I think that 3 is because of:
https://github.com/GoogleCloudPlatform/kubernetes/blob/master/cmd/kube-apiserver/app/server.go#L386

I think that we should change it so that all "Watch" requests has a much bigger timeout (but don't change the timeout of all other gets).
Is it possible to specify it at the client level by customizing its "transport" part?

What do you think about it?
It shouldn't conflict with #6207, because we're ignoring watches there, right?

cc @brendanburns @davidopp @lavalamp

ghost · 2015-04-07T15:59:46Z

Yes, I can confirm that we're ignoring watches in #6207:

fs.StringVar(&s.LongRunningRequestRE, "long_running_request_regexp", "[._/watch$][^\/proxy._]", "A regular expression matching long running requests which should be excluded from maximum inflight request handling.")

And yes, I think that watches should similarly be excluded from API server timeouts, but would like @bgrant0607 to comment on what the intended semantics and implementation of long-term watches are. Do they have any timeout? Is there intended to be a limit on the number of concurrent long-term watches open against the API server?

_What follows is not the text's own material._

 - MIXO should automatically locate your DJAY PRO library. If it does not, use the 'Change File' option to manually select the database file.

timothysc · 2015-04-07T16:12:19Z

@wojtek-t could you keep me in the loop on new items created | possibly label as perf b/c I think we are chasing the same things.

bgrant0607 · 2015-04-07T16:20:22Z

cc @smarterclayton

wojtek-t · 2015-04-07T16:33:09Z

@timothysc will do

smarterclayton · 2015-04-07T16:52:36Z

I think we need to fix the etcd problem. Working around it on our end is just too painful, and doesn't help us (short of aggregating all watches on our end, which is a larger chunk of work).

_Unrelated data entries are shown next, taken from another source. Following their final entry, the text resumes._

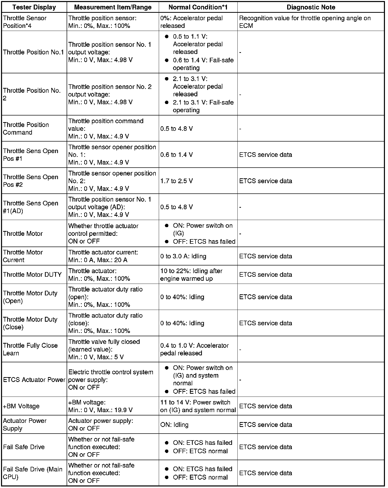 * *4: Excluding throttle valve opening due to Idle Speed Control (ISC).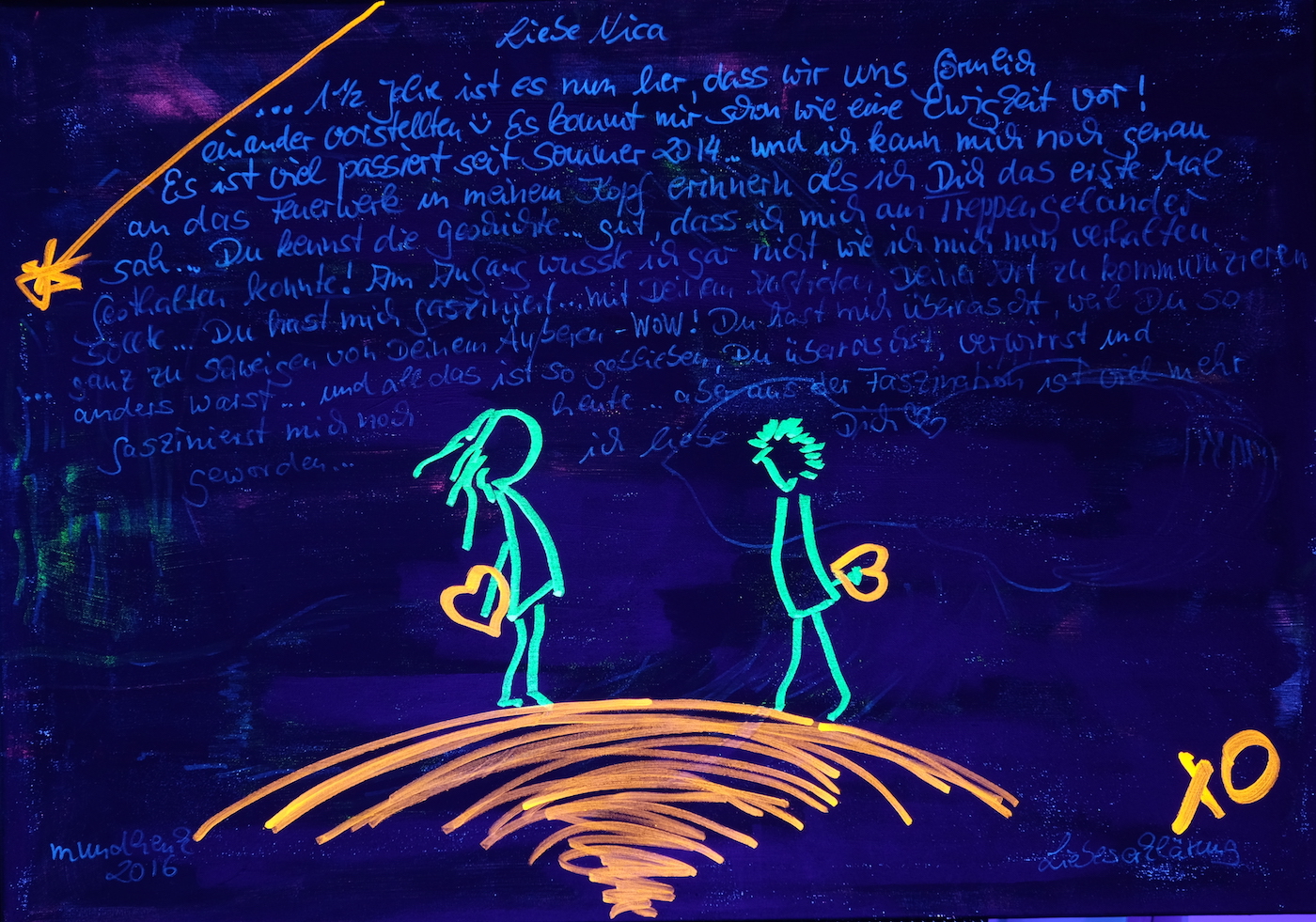 Seine künstlerische Reise führte ihn zur Faszination der Schwarzlichtkunst und der Acrylmalerei. Seine Werke zeichnen sich durch ihre Farbenpracht, ihre Effekte und ihre ästhetische Tiefe aus, die eine mystisch-elegante Stimmung erzeugen.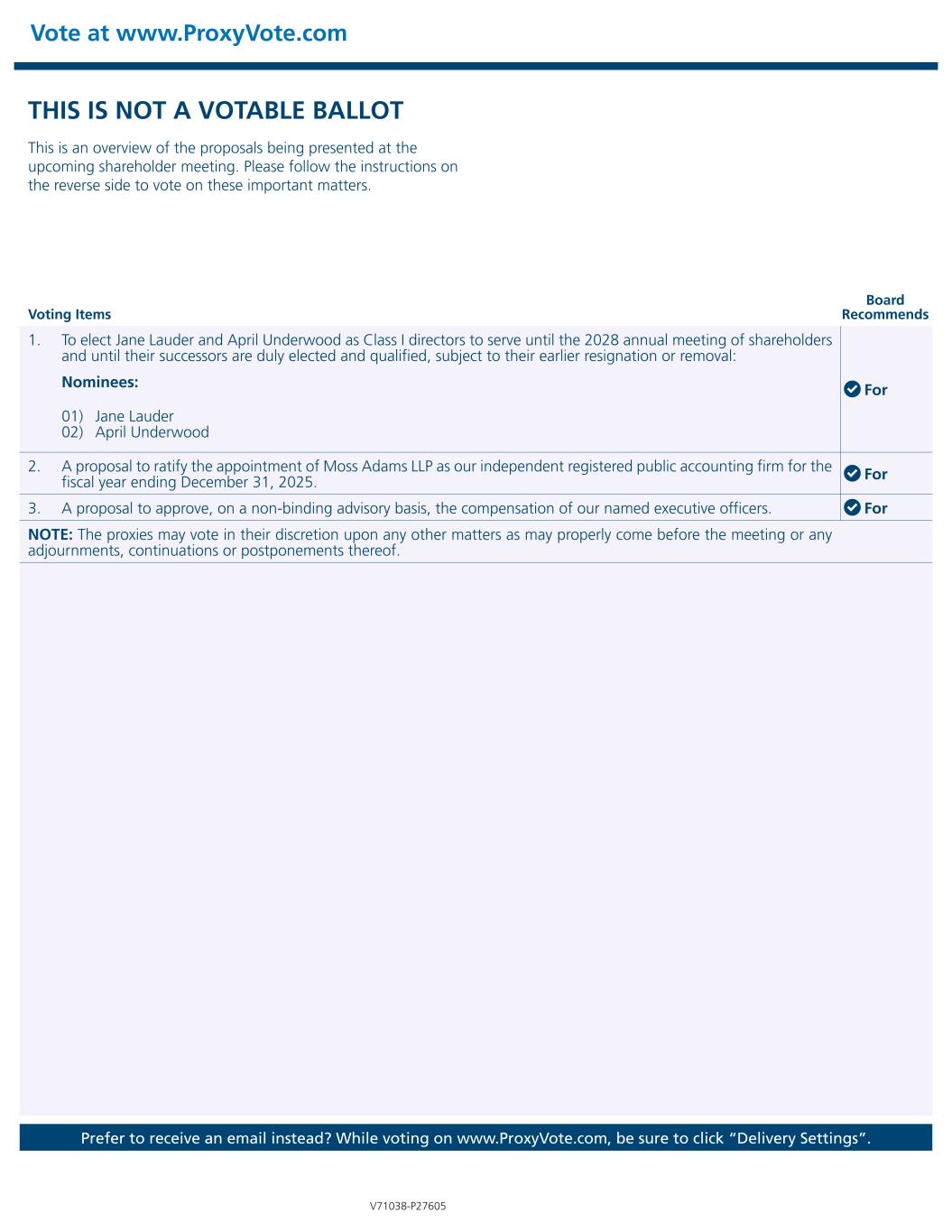 Vote at www.ProxyVote.com Prefer to receive an email instead? While voting on www.ProxyVote.com, be sure to click “Delivery Settings”. Voting Items Board Recommends V71038-P27605 THIS IS NOT A VOTABLE BALLOT This is an overview of the proposals being presented at the upcoming shareholder meeting. Please follow the instructions on the reverse side to vote on these important matters. 1. To elect Jane Lauder and April Underwood as Class I directors to serve until the 2028 annual meeting of shareholders and until their successors are duly elected and qualified, subject to their earlier resignation or removal: For Nominees: 01) Jane Lauder 02) April Underwood 2. A proposal to ratify the appointment of Moss Adams LLP as our independent registered public accounting firm for the fiscal year ending December 31, 2025. For 3. A proposal to approve, on a non-binding advisory basis, the compensation of our named executive officers. For NOTE: The proxies may vote in their discretion upon any other matters as may properly come before the meeting or any adjournments, continuations or postponements thereof.

My recommendation is to work with upstream etcd to propose the minimal change for etcd-io/etcd#2048 required to fix the issue on our end (a client option that requests that etcd indicate the window has closed and provide the latest etcd index at that time). That fixes the short term problem in a way that everyone benefits.

timothysc · 2015-04-07T16:52:41Z

@wojtek-t fwiw we had seen that only after a watch was reset from a timeout, would other actions continue if the cluster was in a stalled state, but we have not checked if recent etcd modifications re: #6059 have had an effect.

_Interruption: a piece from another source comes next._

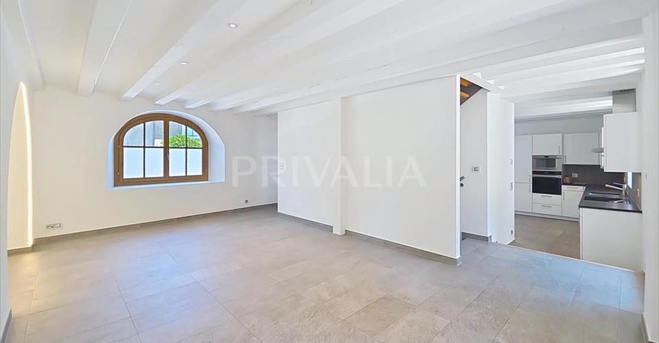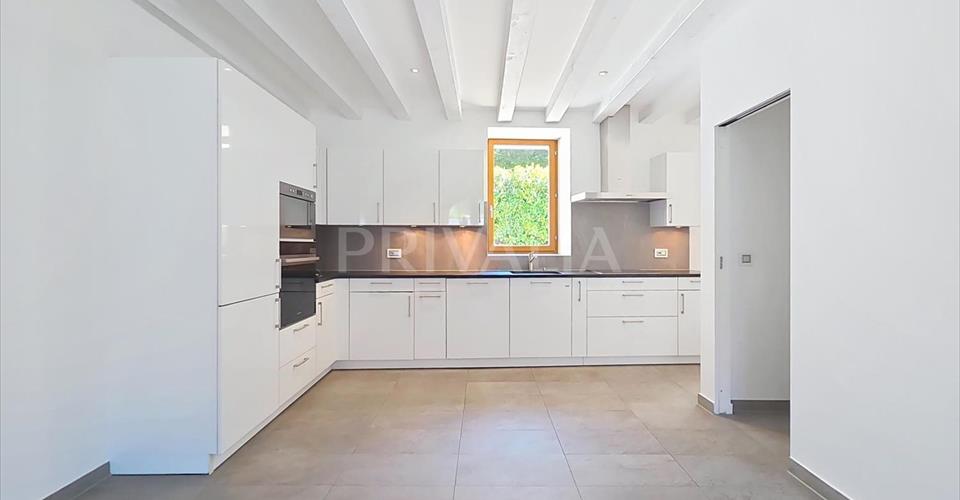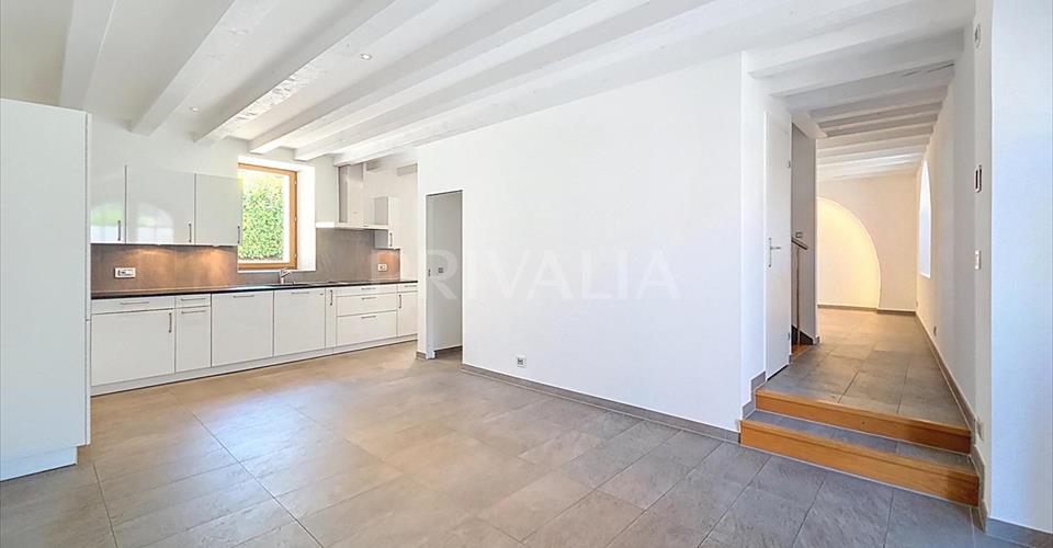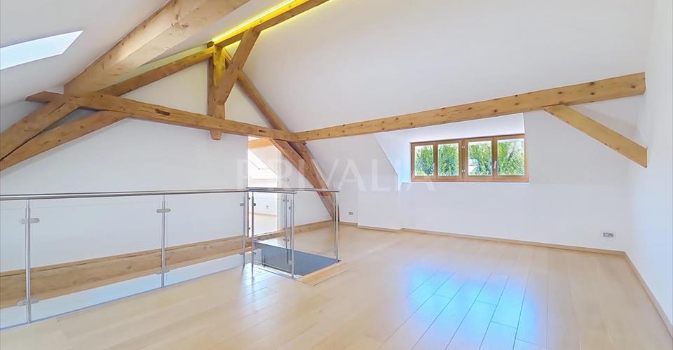 Situé sur la Capite, dans le quartier de Vésenaz, à quelques minutes du lac et des toutes les commodités, ce triplex de haut standing offre une surface de 270 m2 PPE répartis en 7 pièces avec une terrasse arborée d’environ 70 m2. Construit en 2014, il bénéficie de prestation de premier choix, tels que salles d’eau modernes, salle de douche à l’italienne, parquet ou encore hauts plafonds mansardés avec poutres apparentes qui lui confèrent tout le charme des anciennes maisons villageoises. Il offre une distribution fonctionnelle et agréable dans un style contemporain et épuré. Erigé sur trois niveaux, il se distribue comme suit : Rez-de-chaussée : – Cuisine ouverte agencée et équipée avec accès terrasse – Salle à manger – Séjour avec accès à la terrasse – WC visiteurs – Local buanderie (à équiper) Premier étage : – Vaste suite parentale avec sa salle de douche à l’italienne attenante – 2 chambres à coucher – Salle de bains avec WC Deuxième étage : – Chambre à coucher avec sa salle de bains avec WC ensuite et son dressing – Belle pièce à vivre (petit salon, pièce TV, bureau) Une cave ainsi que deux places de parking intérieures (incluses dans le loyer) situées dans un garage sécurisé complètent l’ensemble. A proximité de toutes les commodités (commerces, restaurants, centres commerciaux, écoles publiques et privées) et arrêt de bus n°A et E. L’accès au centre-ville se fait en moins de 10 minutes en voiture et 20 minutes en bus. Charges en sus à 600.- / mois.

wojtek-t · 2015-04-07T17:04:05Z

@smarterclayton I don't understand your comment - I didn't observe any problem at the etcd level - the watch on etcd doesn't break itself
the only problem I observe is the "scheduler -> apiserver" http request that is timing out [the etcd issue that you mentioned is only the consequence of out internal request timing out]

@timothysc: sure - I will look into it as soon as the new etcd release is built

smarterclayton · 2015-04-07T17:05:58Z

@wojtek-t the problem you alluded to of being outside the window of watchable events. The disconnect would not be a problem if the client knows to ask for resource version X+10000. The disconnect is only a problem because the client only knows to ask for resource version X.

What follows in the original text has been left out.